Wilderness Walk Series
These paintings are a duplex of time: a mirrored chamber in which I watched my own life collapse in the same shape my father’s had decades earlier.
First came the losses in rapid succession—my mentor, then my father, then my career as senior taxable-bond trader for Bank of America. I had traded for fifteen years, and the house we lived in was valued at half a million dollars. My wife and I sold everything, uprooted, and moved to Austin, Texas, dreaming of a quiet life where I could finally paint full-time, picking up the thread of success I had tasted in the late 1980s and early 1990s.
God had other plans.
Five months after arriving—uninsured—I dissected my carotid artery. A long hospital stay, six (very expensive) MRIs, four surgeons, and a newly developed inner cranial carotid stent (I needed two) drained our fortune. For a full year I could not speak. No adequate work appeared, so I took a post with the U.S. Treasury in Austin and settled into a strange, existence I never meant to keep.
The Wilderness Walk paintings were born in that trap. Each canvas is built around the skeletal ribs of old Texas wood towers—icons of drought and endurance. Across them I collage every denomination of U.S. currency, the very paper I once traded by the billions and now I’m part of a Federal operation giving away the same paper in the form of large tax refunds to undocumented aliens. A single common Americana logo, repeated like a watermark, ghosts through the compositions….reduced now to metaphor.

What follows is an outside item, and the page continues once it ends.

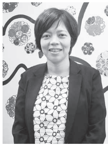
来社した八木監督

2010年、和歌山県太地町でのイルカ漁を題材にしたドキュメンタリー映画作品『ザ・コーブ』がアカデミー賞を受賞したのをきっかけに、国際問題として注目されるようになった捕鯨問題。オーストラリアは14年に日
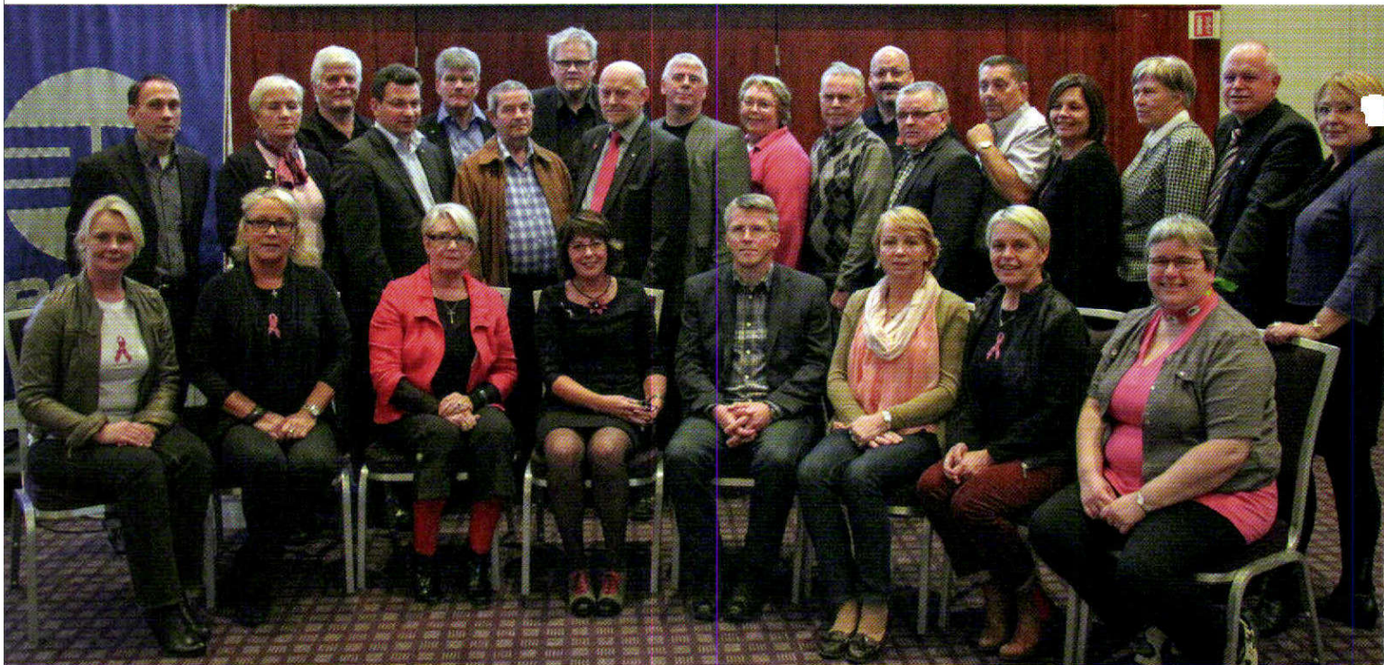
Stjórn BSRB að loknu 43. þingi BSRB.

If the sins of the father are indeed visited upon the son, if broken DNA demands payment, then these towers are the ledger. They stand stripped of water, crowned with money, and branded with the mark of a fallen empire—silent witnesses to the moment a life, like a currency, is called in.

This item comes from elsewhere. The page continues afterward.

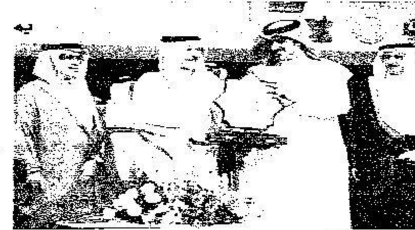
تكريم نجوم للأعراس
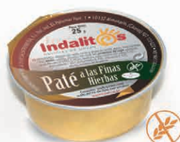
Paté a las Finas Hierbas

However, the lesson learned overtime (and timestamped by my paintings) was that God the Father was building me—a unique son of His—and answering an old prayer I whispered each morning in front of the Disney Concert Hall in Downtown L.A. (Its polished steel Exterior flashed like the beryl-stone of the New Jerusalem) while I begged NOT for another Cadillac to park beside my father’s Red one, but for relevance: a life that mattered beyond the ledger. I prayed for purpose in His kingdom, as opposed to monetary wealth in this one.
He severed the DNA tether to the Hotrum line—its pride, its patterns, its inevitable collapse—and grafted me into His living Vine. The towers in these paintings are no longer tombs of inheritance; they are towers of growth, and strangely, chess pieces on a vast board. Each one is an immovable object that forces a sudden change of direction.
Stripped of water, crowned with currency, branded by a fallen logo, they testify that the old man was crucified with his empire. What rises from the ash is a son who finally speaks—not with the voice of Wall Street, but with the quiet authority of one carried through the wilderness, broken, remade, and set (although wobbling) on his feet again.